Hacker News new | ask | show | jobs
by EvanWard97 2445 days ago
The idea is that by picking a random real number C, there is a chance it will fall between A and B over time, no matter how the other person picks their numbers A and B. It's the infinite range C can be drawn from which gives you a strictly >50% of guessing the higher of A or B no matter how the other player tries to game the system.
1 comments

>> The idea is that by picking a random real number C, there is a chance it will fall between A and B over time, no matter how the other person picks their numbers A and B.

But for any two finite numbers, A and B, the chance that C will fall between them if selected from an infinite range is 1/infinity (or 0).

>> But for any two finite numbers, A and B, the chance that C will fall between them if selected from an infinite range is 1/infinity (or 0).

I think you're assuming we pick C uniformly at random from an infinite range, but this is not possible. In general, the claim is not true: consider picking C from a sample of a standard normal, if A = -B = 2 then with >95% C will lie between A and B.

It's not 0, it's "an unknown positive number" drawn arbitrarily from a set whose lower bound is 0. It's practically 0, but it's some fixed positive number for every instance of the game.

It's equivalent to this much simpler game: "I am going to give you a positive real-number amount of dollars." No matter what I do, you will win money playing this game, guaranteed! Now, how much would you pay to play this game? $0, because for any amount you'd pay to play, I could arbitrarily choose to give you less in winnings.

Like most problems involving infinity, it's unintuitive/paradoxical because it pretends to model a physically plausible scenario but actually doesn't.

Would you say that the value of the infinite sum 1/2 + 1/4 + 1/8 + ... is 1 or that it is an unknown number?

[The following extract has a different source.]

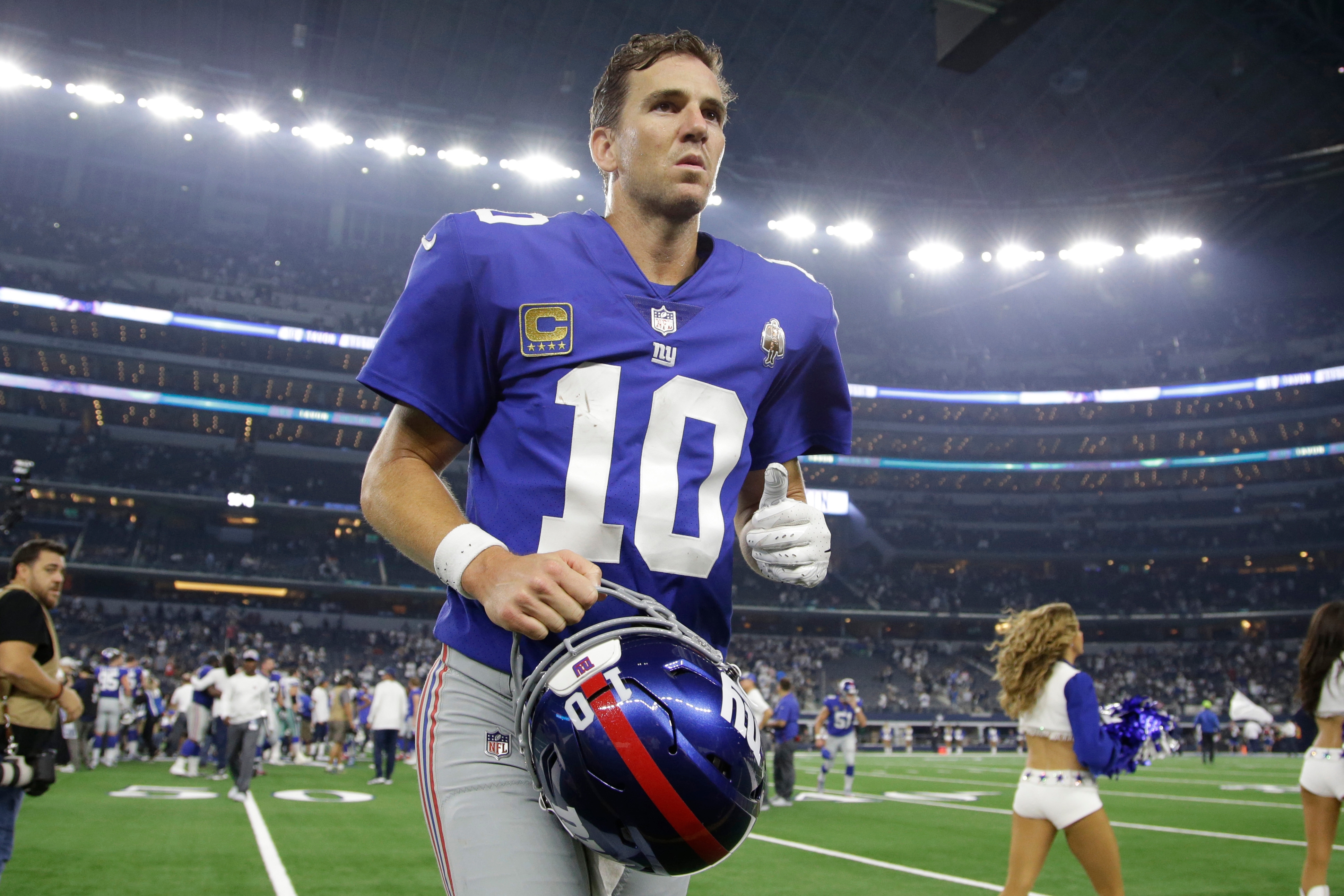 Sep 16, 2018; Arlington, TX, USA; New York Giants quarterback Eli Manning (10) leaves the field after the game against the Dallas Cowboys at AT&T Stadium. Mandatory Credit: Tim Heitman-USA TODAY Sports / Tim Heitman

The probability that a random number uniformly drawn from the real line is between 42 and 43 is zero in the same way that “the probability that a random real number selected uniformly from the interval [0 1] is pi/4” is zero.

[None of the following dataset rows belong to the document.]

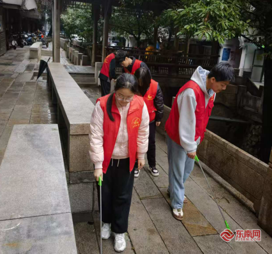 居民们体验手工制香。三坊七巷社区供图 同日,三坊七巷社区组织辖区志愿者们冒雨在安泰河畔开展“清洁家园 护河爱水”志愿活动。志愿者们认真清理河道杂物、路面垃圾,以实际行动守护绿水青山。同时,向居民与游客宣传绿色环保理念,倡导垃圾分类、节能减排,带动更多市民参与到生态保护行动中来。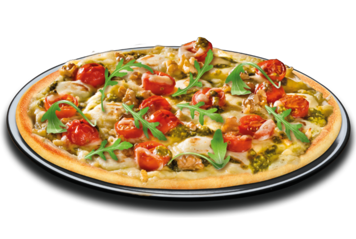 (PizzateigA, A1, frische Pestocreme10, C, G, H4, Walnüsse H3, MozzarellaG, Gouda-KäseG)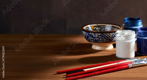 © Alexandr, Obraz premium A close-up of traditional Asian ceramic bowls and paint jars with brushes on a wooden surface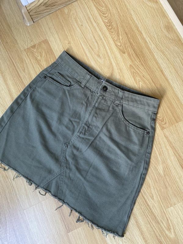 Юбка кольору хакі, низ ніби рваний. Джинсова.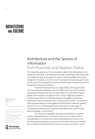 Blacksell, R. and Walker, S. (2016) Introduction: architecture and the spaces of information. Architecture and Culture, 4 (1). pp. 1-8. ISSN 2050-7836 doi: 10.1080/20507828.2016.1153241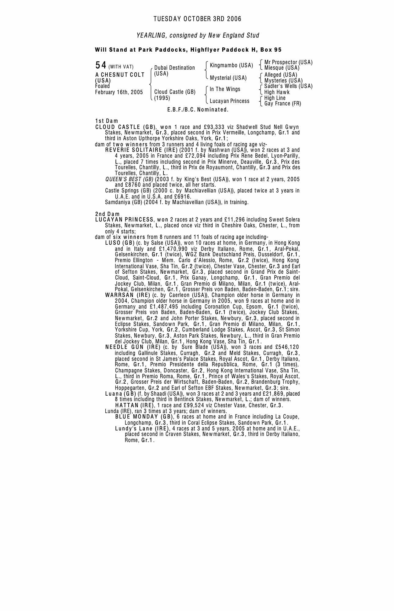 Houghton Yearling Sale 2001 lot 22 C. by Machiavellian (USA) , Mount Coote Stud, Ireland (Agent)=>Gainsborough Stud Management 240,000 gns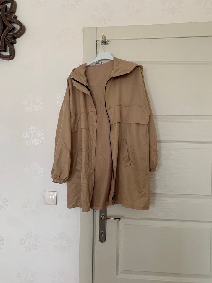 Nefes alabilen keten kumaştan yapılmış, hafif bej renkli midi uzunlukta hamile ceketi. Bol kesim, uzun kollu ve klasik yaka detaylarına sahip, minimalist sokak tarzında günlük kullanıma uygun.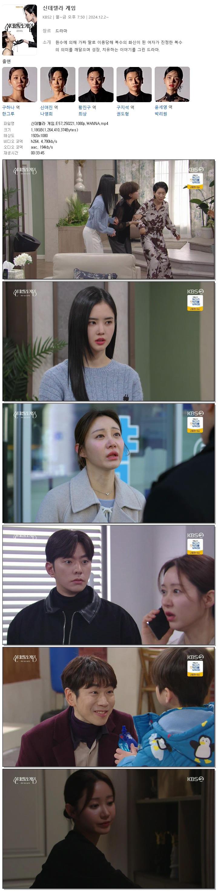 [KBS2] 신데렐라 게임.E57.250221.1080p.WANNA[한그루, 나영희].mp4 1.2 G 00:33:45 1920x1080

> Would you say that the value of the infinite sum 1/2 + 1/4 + 1/8 + ... is 1 or that it is an unknown number?

Integral of 1/2^n ... got that no problem.

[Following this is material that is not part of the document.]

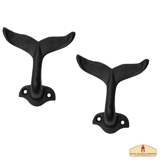 Cast Iron Whale Tail Wall Hooks, Nautical Decor - Set of 2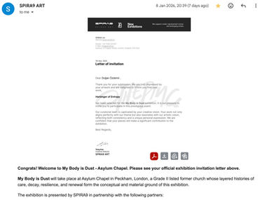 "My Body is Dust" is an international site-responsive exhibition curated by SPIRA9, staged within the atmospheric and historically layered interior of the Asylum Chapel - a Grade II listed landmark in Peckham, London.

I took AB Calculus in high school, three semesters of calculus in college, and a bunch of calculus heavy linear algebra. I’m certain that I knew how to integrate that thing at some point... it’s pretty sad that now I can only stare at it blankly and at best lean heavily on Wikipedia to find an answer.

What I wrote is an infinite series and it’s much simpler to solve than the integral:

https://en.wikipedia.org/wiki/1/2_%2B_1/4_%2B_1/8_%2B_1/16_%...

Ha, yup, citing a Wikipedia article too. At least I’m not alone.